Can I Drink Coffee While Pregnant?
There really is a lot of information on the internet regarding caffeine during pregnancy and it get's pretty confusing as to what's right & what's not right.
Type 'Caffeine & Pregnancy' into Google and you'll get around 30 million results! Sheesh!
"To get the guidance right, we've looked at official and trusted sources from the US, UK, Europe, Canada and Australia and lay it out in a clear and simple manner in this quick and to the point article."
But ... before we continue, let's get straight to the most important piece of medical advice you'll read online. Which is ...
Don't make medical decisions based on what you read online.
Always speak to your doctor for advice.
If you're pregnant and are concerned about consuming caffeine, it's always best to consult your doctor about it.
This article is here just to give you reliable guidance.
So, let's get straight to it
Caffeine & Pregnancy.
5 minute read.
Most doctors and medical professionals generally agree that you should ideally avoid consuming caffeine during your pregnancy.
The reason for this is that caffeine is actually classed as a psychoactive drug which has a stimulating affect on the Central Nervous System of our bodies. If you consume a high dose, it can have a negative affect on your pregnancy.

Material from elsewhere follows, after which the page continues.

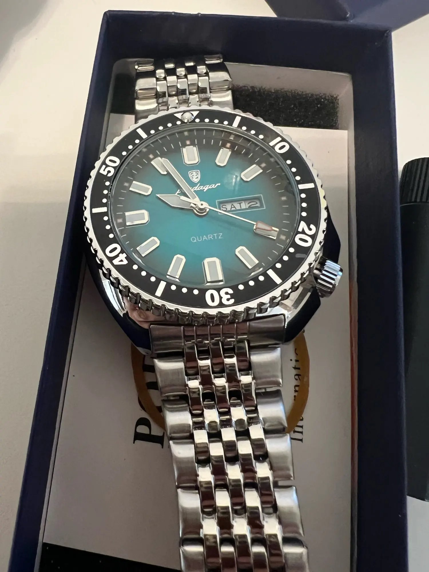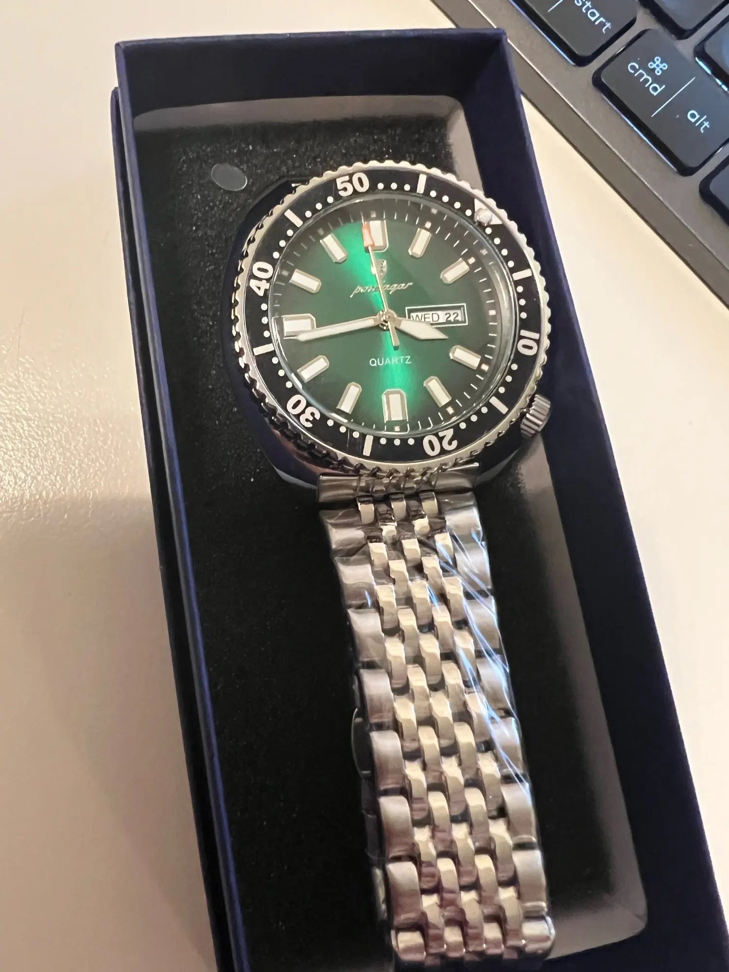 Surprised by the perceived quality of the watch, good weight, very elegant green colors. Very well packaged with plastics and box. Only thing is the strap, I had already read about it and ordered a leather one which is perfect. Let's see now how long it lasts... if it works, I will buy more colors. For now, it's already worth it.

Is Caffeine Safe When Pregnant?
A small amount of daily caffeine has been proven by scientific studies from around the world to be perfectly safe.
Let's take a look below.
But ...
According to the UK's National Health Service and the European Food Safety Agency, a healthy adult woman who is pregnant can safely consume up to (max) 200mg of caffeine in any given 24 hour period.
Leading online health journal (HealthLine.com) states that pregnant women metabolise caffeine much slower than they would when not pregnant. In fact, it can take 1.5 – 3.5 times longer to eliminate caffeine from your body during your pregnancy than what it would otherwise.
This means that caffeine can stay in your system for around 8 to 21 hours instead of the usual 5 to 6 hours when not pregnant.
Caffeine comes under a drug classification called methylxanthine. This classification of drug is sometimes used to treat (among other things) respiratory conditions in premature born babies. It's powerful stuff, which is why we need to control our intake of it.
Quick Summary.
-
Too much caffeine isn’t good for you or your baby.
-
Caffeine takes longer to leave your body when pregnant.
-
You can safely consume up to 200mg of caffeine per day when pregnant.
This has been verified by:
UK - The National Health Service (NHS).
US - The American College of Obstetricians and Gynecologists (ACOG).
EU - The European Food Safety Agency (EFSA).
CA - HealthyCanadians.gc.ca.
According to the American CDC, Caffeine passes from the mother to infant in small amounts through breast milk, but usually does not adversely affect the infant when the mother consumes low to moderate amounts (Max 200 mg per day - but 0mg per day is much better ).
Caffeine - Breast Feeding.
Caffeine levels peak in your breast milk one to two hours after you've ingested it. Babies who are premature, under six months or have other health issues may be more likely to show symptoms of "caffeine irritation".
According to the Australian Breast Feeding Association, the only way to know if your caffeine intake is affecting your baby is to monitor them closely and observe for the symptoms of too much caffeine.
Babies who are reacting to your caffeine intake may be
-
Unusually irritable or fussy.
-
Spend longer periods awake and/or more alert than usual.
-
Colic can sometimes also be a symptom.
These symptoms shouldn't normally occur if you're staying within the recommended limit and that your baby is not "sensitive" to caffeine.
... Can occur in anybody. Whether you be 90 years old or 9 weeks old, the psychoactive effect of caffeine will affect our bodies regardless of age.
According to the Australian Government's Department of Health, sensitivity to caffeine can vary from person to person.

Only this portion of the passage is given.